- IOC code: LUX
- NOC: Luxembourg Olympic and Sporting Committee
- Website: www.teamletzebuerg.lu (in French)

in Nagano
- Competitors: 1 (man) in 1 sport
- Flag bearer: Patrick Schmit
- Medals: Gold 0 Silver 0 Bronze 0 Total 0

Winter Olympics appearances (overview)
- 1928; 1932; 1936; 1948–1984; 1988; 1992; 1994; 1998; 2002; 2006; 2010; 2014; 2018; 2022; 2026; 2030;

= Luxembourg at the 1998 Winter Olympics =

Luxembourg sent a delegation to compete at the 1998 Winter Olympics in Nagano, Japan from 7–22 February 1998. This was Luxembourg's sixth appearance at a Winter Olympic Games. The Luxembourgish delegation consisted of a single athlete, figure skater Patrick Schmit. In the men's singles he finished in 29th place.

==Background==
Luxembourg first joined Olympic competition at the 1900 Summer Olympics and had their first participation at the Winter Olympic Games at the 1928 Winter Olympics. Their participation at the Winter Olympics since has been sporadic, Luxembourg did not send a delegation to any Winter Olympics from 1948 to 1984. Nagano marked their sixth appearance at a Winter Olympics. The Luxembourgish delegation to Nagano consisted of a single figure skater, Patrick Schmit. He was chosen as the flag bearer for the opening ceremony.

==Competitors==
The following is the list of number of competitors in the Games.

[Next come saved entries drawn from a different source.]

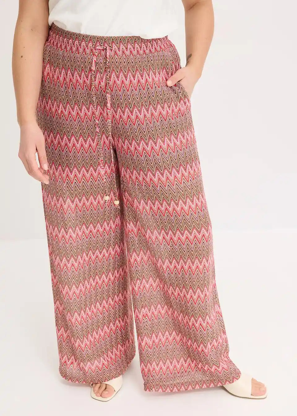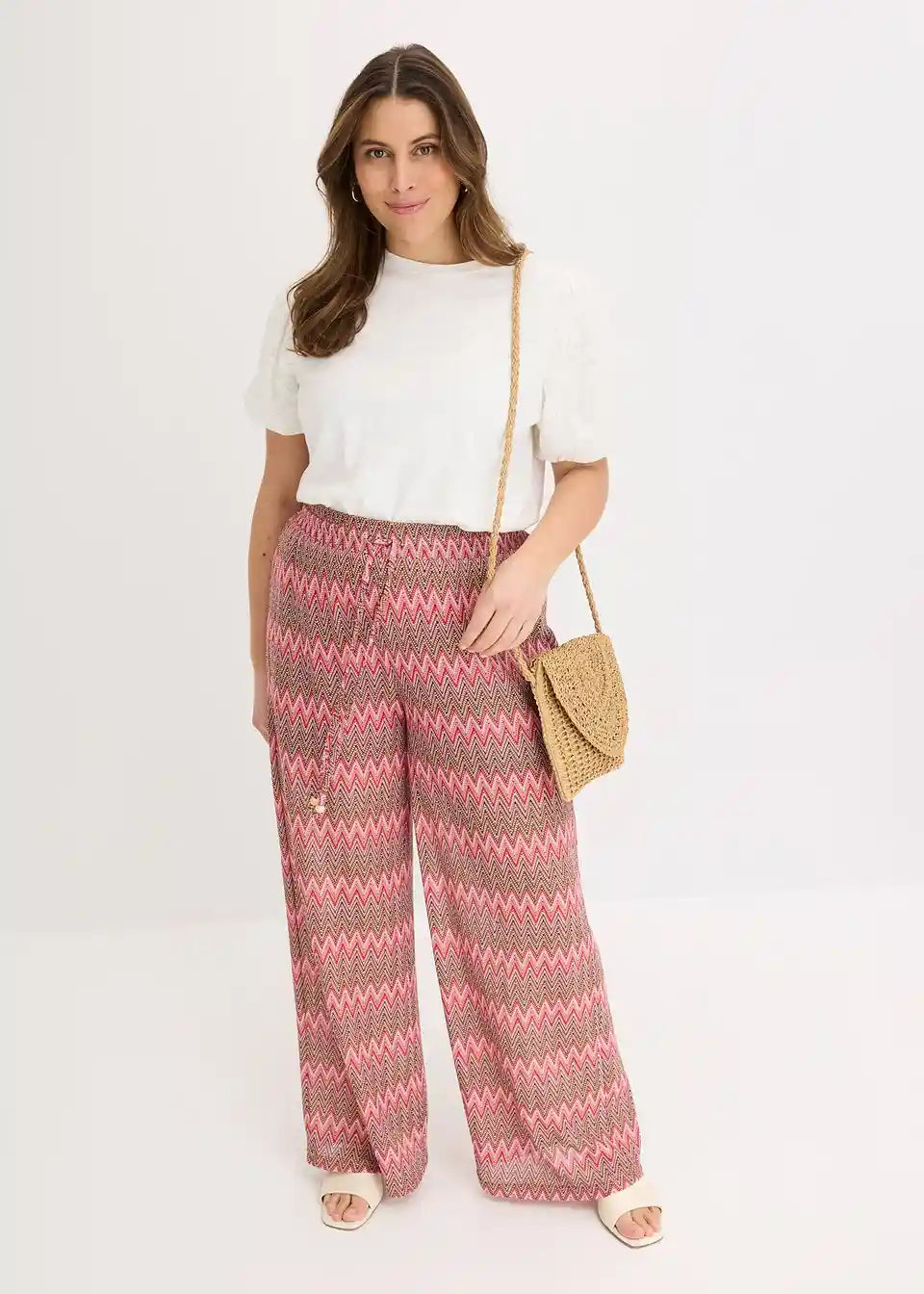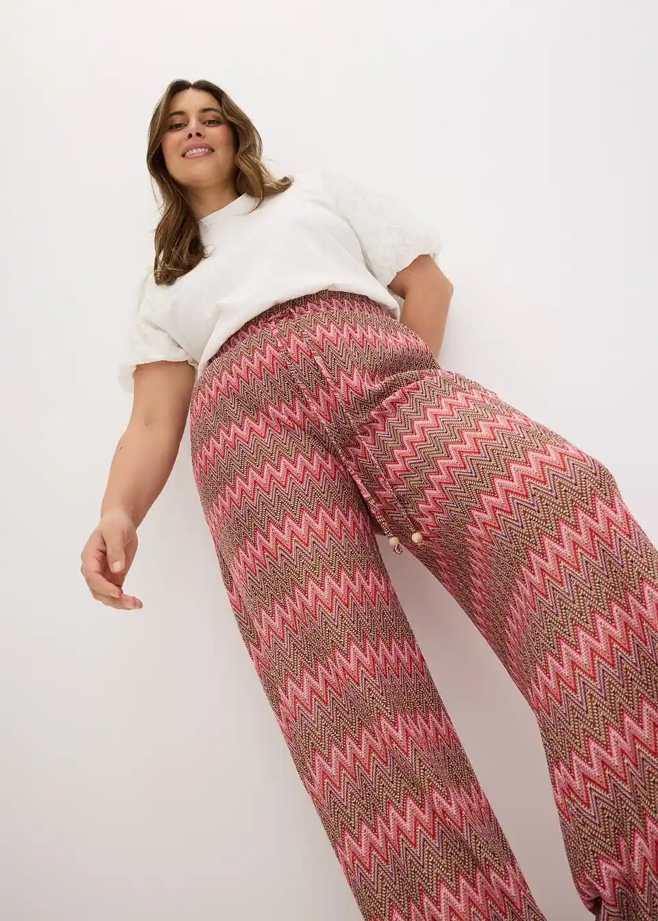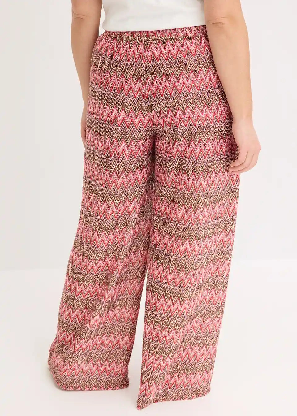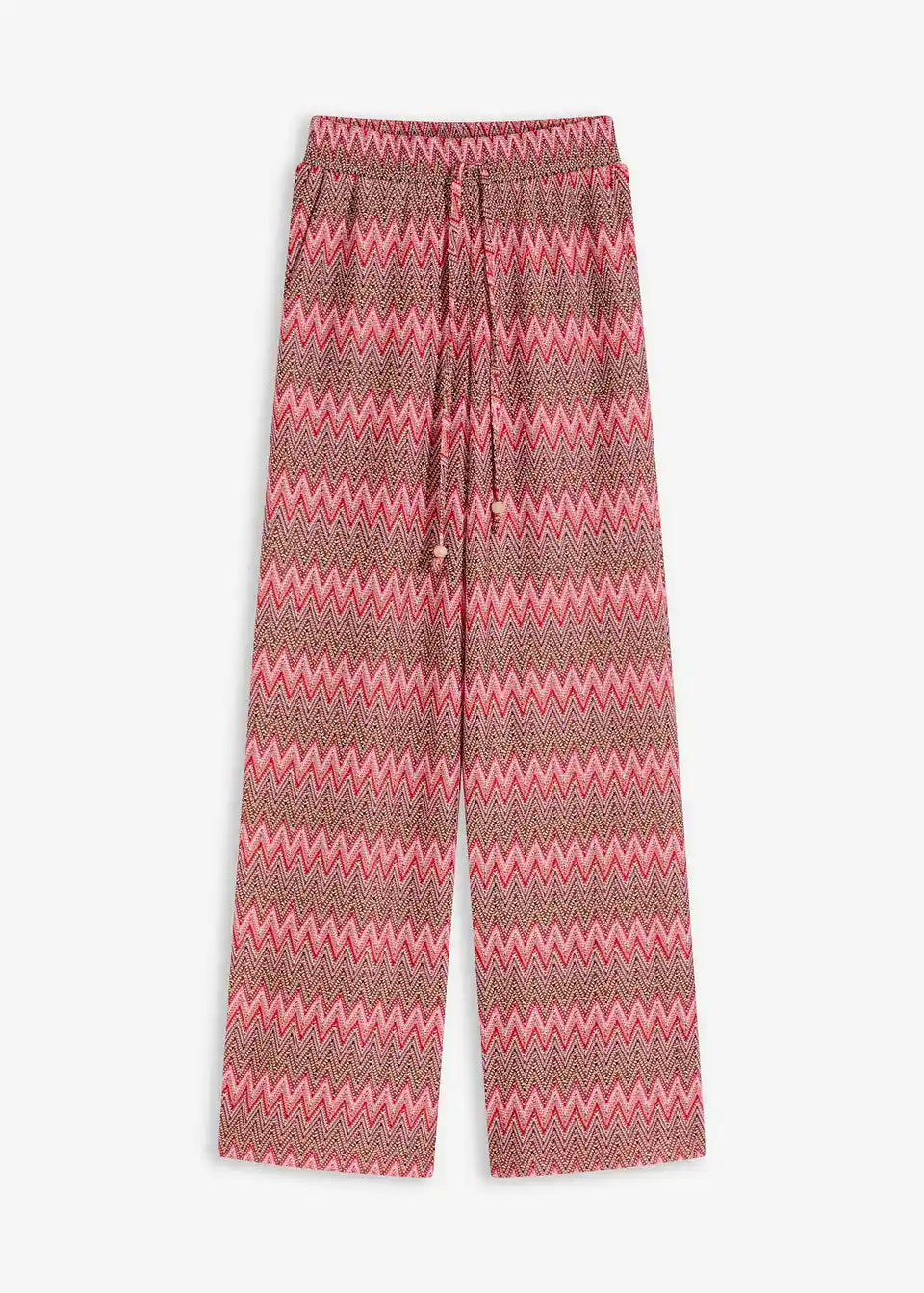 modne široko krojene hlače iz jerseya v videzu kvačkanja z elastičnim pasom
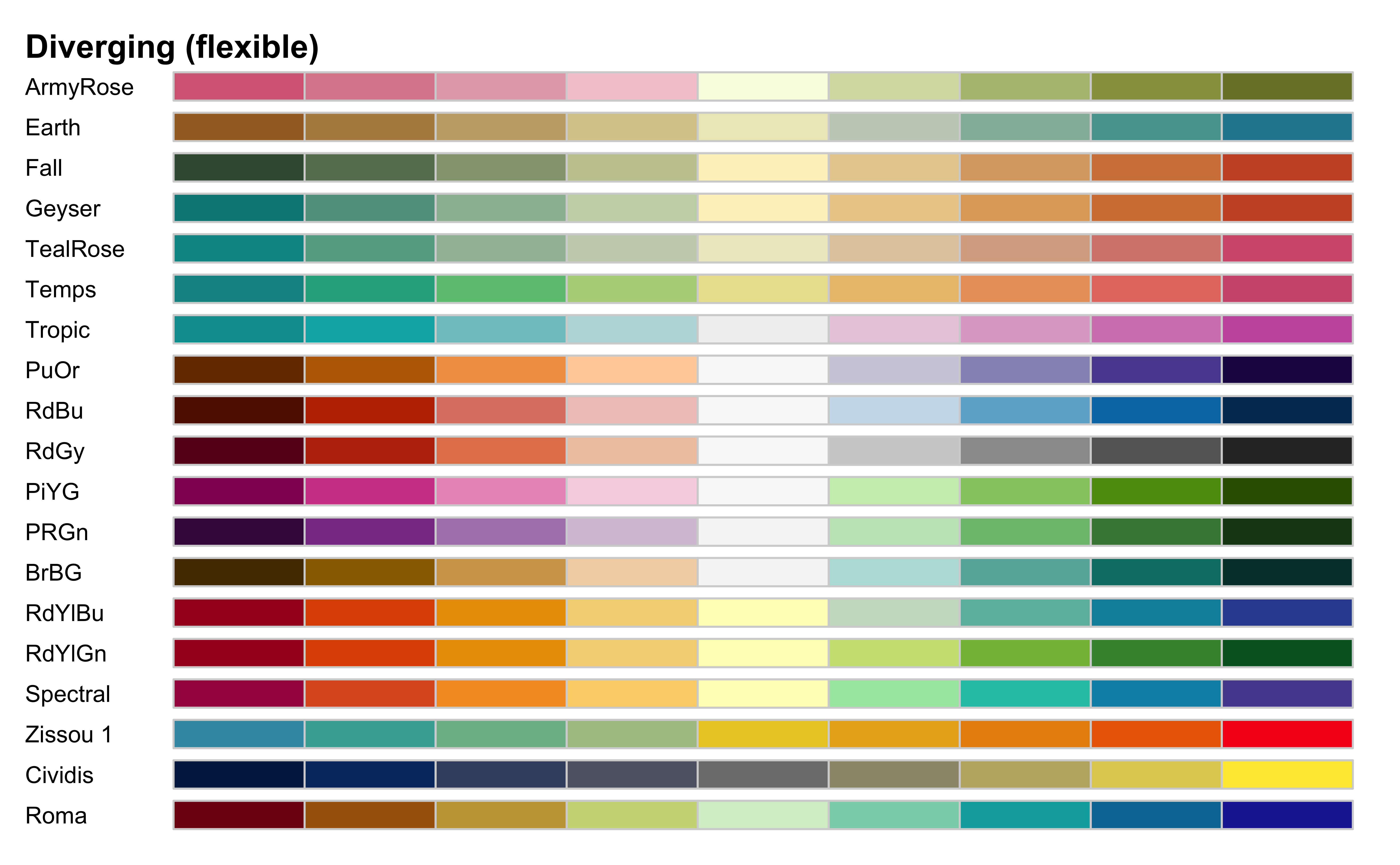 colorspace::divergingx_palettes(plot = TRUE, n = 9)
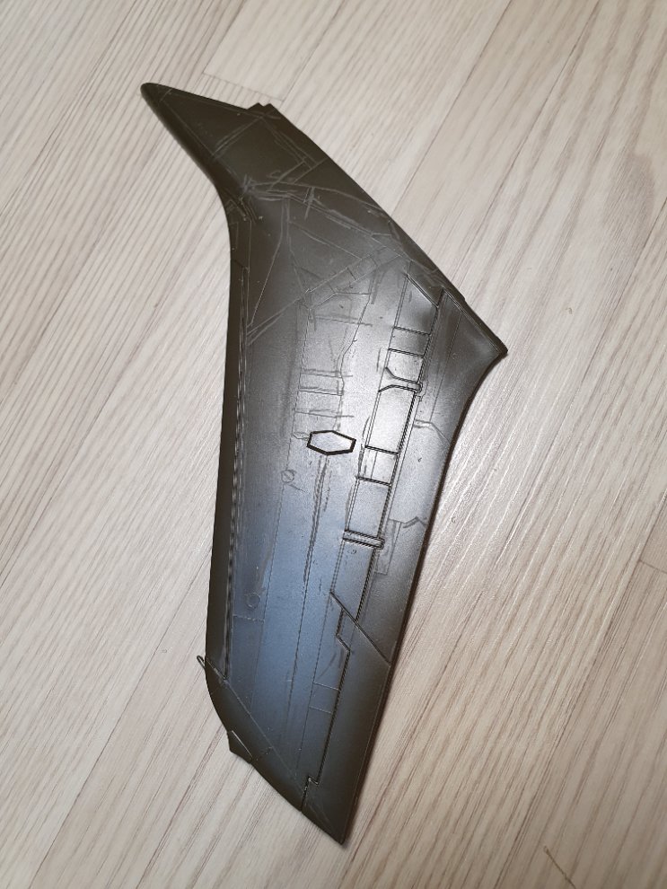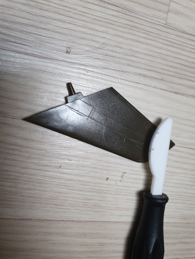 처음부터 파낼 선이 많은 동체나 주익부터 파기 시작하면 작업량에 질려 도중에 포기하는 경우가 생기므로 크기가 작고 선이 몇 개 안되는 수평 꼬리날개 부터 파기 시작하면 성취감도 들고 재미도 붙게 됩니다.
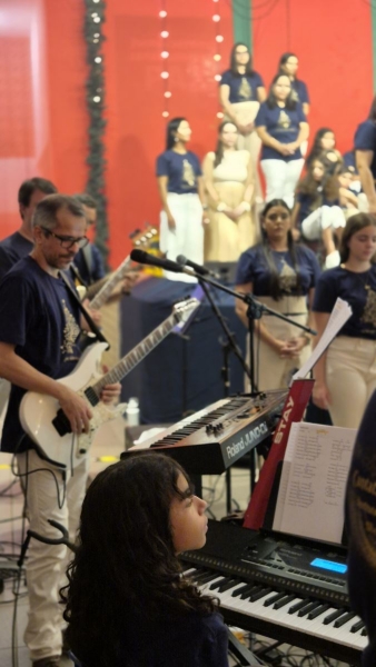 No dia 27 de novembro, nossa comunidade escolar se reuniu para celebrar a magia e a esperança do Natal em uma noite especial de encanto e emoção. A Cantata contou com a participação dedicada de alunos e colaboradores, que, com suas vozes, gestos e talentos, ajudaram a reacender memórias, despertar sentidos e revelar, mais uma vez, a beleza da verdadeira luz que habita este tempo.
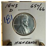 1943-D STEEL WHEAT PENNY CENT HIGH GRADE |

| Sport | Men | Women | Total |
|---|---|---|---|
| Figure skating | 1 | 0 | 1 |
| Total | 1 | 0 | 1 |

==Figure skating==

Patrick Schmit was 23 years old at the time of the Nagano Olympics, and was making his only Olympic appearance. The men's singles event was held over two nights, with the short program being contested on 12 February, and the free skate taking place on 14 February. In the short program, he received a total score of 71.5 points, which put him 29th and last for that round of the competition. Only the top 24 were allowed to proceed to the free skate, meaning Schmit was eliminated on the first night of the competition.